Alvarez also has a changeup, just to keep batters guessing and to mix pitches well. This pitch has developed well over the past year, and has been an effective two-strike pitch and get out a jam pitch for Alvarez. It sits in the low 80's.

Alvarez's main problem is commanding his off-speed pitches. It isn't necessarily poor, but more along the lines of average. When it comes to his fastball, he had struggles this past season at the high elevation parks, and keeping the ball low. He compensated for this by over throwing the ball, which made it fall out of the zone more than he'd have liked.

Alvarez throws not necessarily from a low enough arm slot to be a sidearm, but not high enough to be a 3/4, so we'll say he's a 3/5 delivery kind of guy. He tends to fall off the mound after each pitch with his quick release. With this, his mechanics are good as a reliever, but not for any potential starting role.


Alvarez has had zero problems in the statistical department. Coming out of the draft in 2012, he jumped right in to Low-A. There, he posted a 3.29 earned run average with a 1.207 WHIP, mostly effected by his walk count. However, with his walk count at 3.6 per nine, he also struck out 12.5 per nine.

Alvarez spent 2013 in the hitter friendly confines of the California League. It helped that he was in a pitcher friendly park with the Inland Empire 66ers, but he excelled even on the road with some of the best numbers the team has seen in recent years. By the end of his 37 appearances, Alvarez not only posted, but BOASTED a 2.96 earned run average with his WHIP taking a small step up at 1.253, mostly due to his walk count raising by one and a half per nine. Alvarez's strikeout totals were incredible though, as he K'd 14.6 per nine. Along with that, Alvarez allowed just two home runs over the season.


There is no doubt Alvarez has a Major League future. But, he has to take his steps to the top, starting with a trip to Double-A out of Spring Training in 2014. The Angels are taking an aggressive step with Alvarez putting him directly in to Single-A out of the draft, but also have given him full seasons at each level, so we doubt he'll spend much, or any time in Triple-A in 2014. However, 2015 should be his year to shine with another successful season like the two previous.

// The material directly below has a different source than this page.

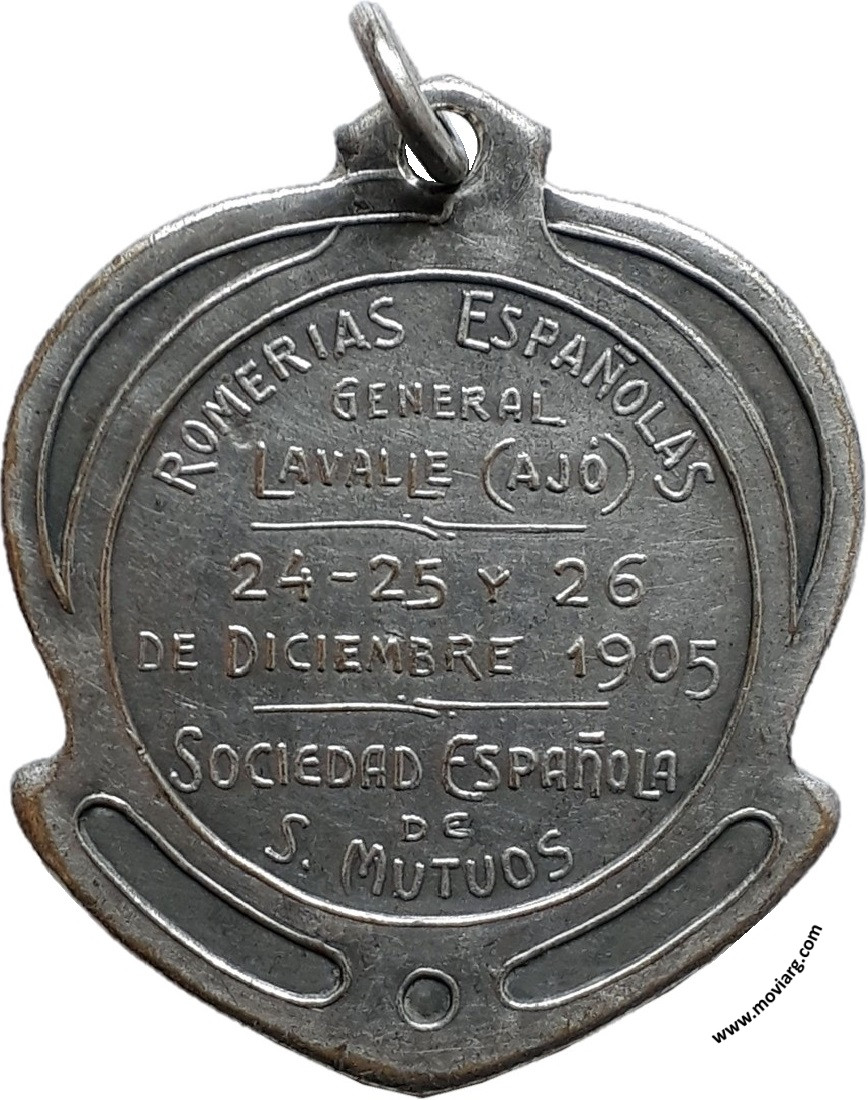 Anverso: Firma: HORTA Y CIA. Reverso: ROMERIAS ESPAÑOLAS / GENERAL / LAVALLE ( AJÓ ) / 24 - 25 Y 26 / DE DICIEMBRE 1905 / SOCIEDAD ESPAÑOLA / DE / S. MUTUOS Referencia: | |

Like we said, Alvarez will be a Major Leaguer in the near future. His estimated time of arrival from us, and many scouts is 2016, when he'll be 25-years-old. With the pitches and talent this young man has, he should be a setup man. He has the pitches to be a closer, but it is more likely that he'll be a setup man with the Angels. Regardless, Alvarez is set to be something special in the Angels system, and with the big club.